Internship programs are key to getting a more diverse talent pool in the wealth management industry, according to speakers at the University of Akron’s Diversitas symposium, held virtually this week.
Emlen Miles-Mattingly, CEO and founder of Gen Next Wealth, has had a lot of success with BLX, an internship program for aspiring Black and Latinx financial planners he co-founded. Of the 38 individuals that BLX placed at financial planning firms, 20 of them got full-time job offers; the rest either went back to school or interned at firms that didn’t have jobs to offer.
“[Those firms] were ultra-impressed by what they had seen from the people of diverse backgrounds,” he said. “It was an immediate impact into their firms, and it helped every one of them.”
Miles-Mattingly had some encouraging words for young aspiring next gen advisors from diverse backgrounds: “You belong here, and you can make it in this career. Speaking as a person who had to be the only Black person in the room for every job I ever worked at, it’s going to be uncomfortable. It’s going to be different. But understand that if you’re in the room, you deserve to be there.”
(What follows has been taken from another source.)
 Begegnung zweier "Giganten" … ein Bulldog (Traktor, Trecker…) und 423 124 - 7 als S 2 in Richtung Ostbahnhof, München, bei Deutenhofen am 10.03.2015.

He spoke on a panel of wealth management firm executives on how they find interns and what they expect from them. Much of the power, though, lies with the intern, the speakers agreed.
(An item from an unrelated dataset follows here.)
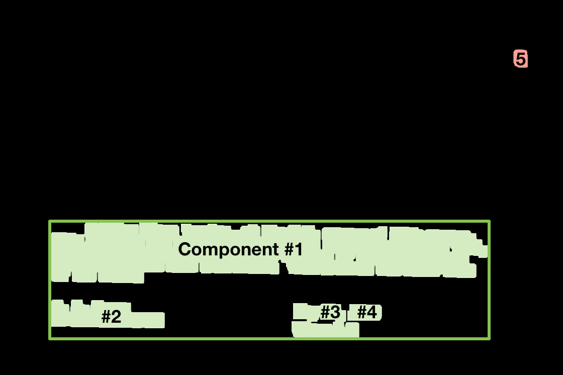 The components are ordered as described above. Component #1 contains the most white pixels in the original image. The first four components are accepted and the fifth is rejected because it hurts the F1 score: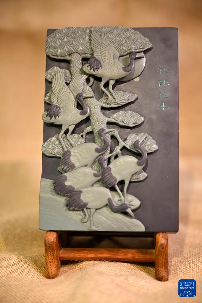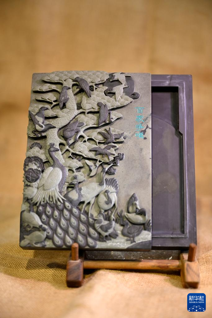 這是閆森林的賀蘭硯作品(4月15日攝)。

Stacy Serna-Beecher, a senior manager at Charles Schwab, said her firm’s internship program has an 80/20 plan. Eighty percent of the intern’s time is spent on project work, while 20% is spent on development, financial health and learning more about the company.
“The intern should also come in with their expectations of us,” she said. “What do they want to get out of this internship?”
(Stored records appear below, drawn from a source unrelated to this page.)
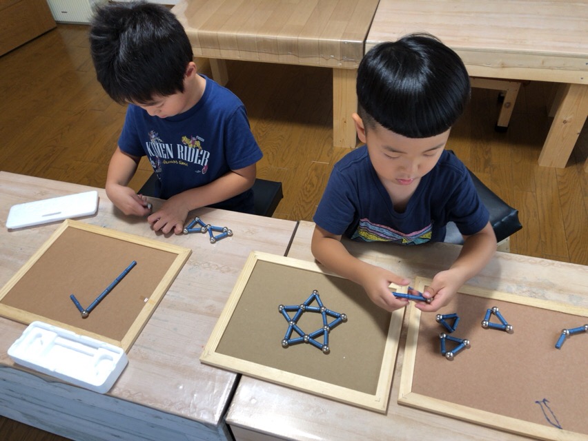 育ママ教室メソットの「ひらめき力」Lessonを様々な教具を使って行なっています。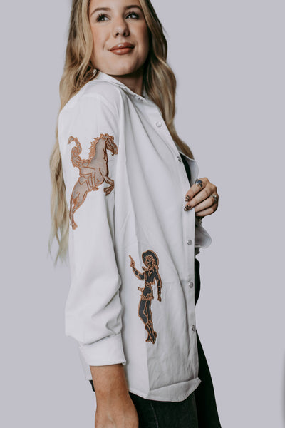 White button Pearl Snap button down with light brown embroidered mesh cutouts.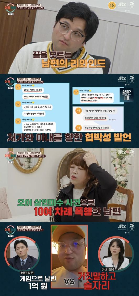 22일 방송된 JTBC ‘이혼숙려캠프’(이하 ‘이숙캠’)에서는 지겹도록 같은 말을 반복하는 ‘리와인드 부부’의 남은 이야기와 솔루션 과정이 공개됐다.

Crystal Cox, a vice president at Wealthspire Advisors, said a good portion of her interns’ daily work involves adding value to client relationships.
“At Wealthspire we really view our internship program as our job to get college students excited to work at Wealthspire,” she said. “They’re not getting coffee; they’re not doing busy work all day long. We really view it as a talent pipeline, and we want our interns to want to work here after they graduate.”
“When you’re a student, you might not think you have this power,” said Kate Healy, a financial services industry executive and NextGen advocate. “But it’s your internship. At the end of the day, it’s your career. Yes, there are going to be expectations from the job, but you’re going into this.”
Healy said she encourages interns to try out different businesses, firms of varying sizes and with different business models.
“The financial planning career is vast. There are many different ways you can do it,” she said. “I always tell folks if you get into one and maybe it’s not exactly what you liked, that doesn’t mean the whole profession is not what you liked.”